|This biography from the archives of www.AskART.com. |
Born in Hudson, New York, at the age of fifteen, he began five years of study in New York City at the Art Students League and the National Academy of Design. He spent several years painting professionally in New York, and in 1894 went to England and then to Paris where he attended the Academie Julian and met artists Joseph Henry Sharp and Ernest Blumenschein, who would become lifetime friends.
Sharp told them about the opportunities of painting around Taos, New Mexico, and in the summer of 1898, Phillips and Blumenschein met in Denver to sketch in the Rocky Mountains. In the autumn, they bought a team and wagon and went South with the idea of going to Mexico, but the wheel on their wagon broke. Phillips stayed behind and Blumenschein went for help to the nearest blacksmith, who was in Taos. Both men were so taken with the scenery, they abandoned their Mexico trip and rented studios in Taos. Phillips stayed on, but Blumenschein returned to New York and continued for many years to travel back and forth.
Phillips was the key, founding figure in what became known at the Taos Art Colony, and early members officially formed the Taos Society of Artists.
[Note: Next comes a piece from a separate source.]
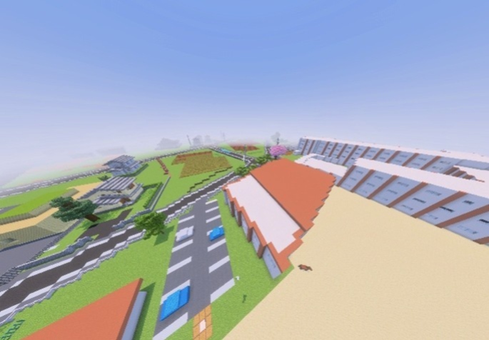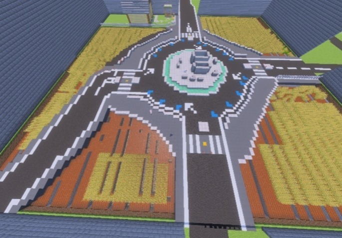 交通安全教室で活用するコンテンツは、前橋市の3D都市モデル※2やエアロトヨタがクルマのビッグデータから作成した通学路上のヒヤリハット情報などを活用し、前橋国際大学がマインクラフト上で永明小学校周辺の仮想空間を再現したものです。授業では、永明小学校の児童が自ら操作し、近隣に開通した環状交差点(ラウンドアバウト)の利用方法や通学路上のヒヤリハットなどの身近な危険を仮想空間上で体験することにより、新たな気づきや学びを得ることを目指します。
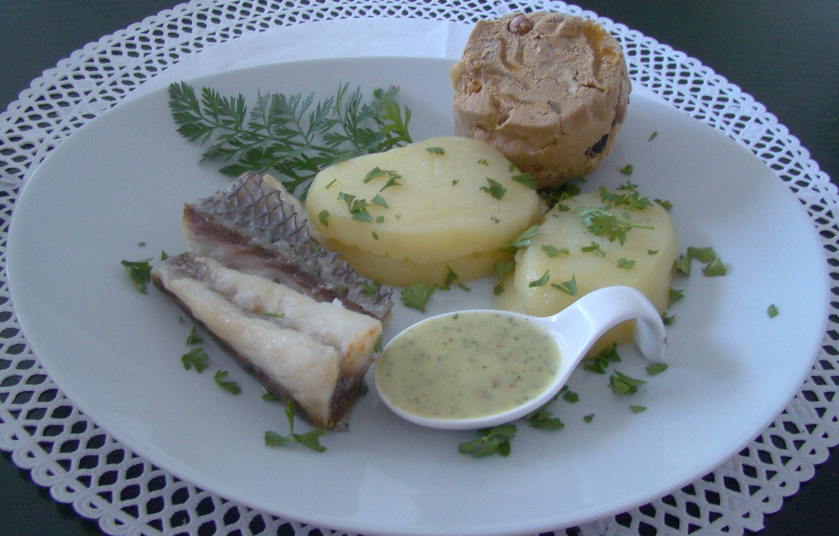 INGREDIENTES: 1 trozo de pescado salado, 2 papas, un manojo pequeño de perejil, 2 hojas de zanahorias, 4 ajos, 1 trocito pequeño de pimienta picona, 2 cucharadas de agua, 3 cucharadas de aceite de oliva virgen y 1 cucharadita de sal.

Because there were no galleries then in Taos, they displayed their art work to tourists from their studios and worked to get attention from other parts of the county.
By 1915, over 100 artists where working there. Phillips sent his work East for exhibition with Blumenschein but rarely left Taos although occasionally he painted in Arizona and other surrounding Southwestern States. He married Miss Rose Martin, sister of the famous local doctor, "Doc Martin" who was a popular personality with visitors.
Modernist art went by Phillips, whose subjects were Taos Pueblo Indians, done in realistic style but conveyed romantically, often with "props" from Phillips extensive collection of Indian artifacts. He was especially fascinated by their colorful dress and daily activities. His failing eyesight caused him to give up painting completely, but the vivid, colorful paintings he created gave a special lasting view of Pueblo life.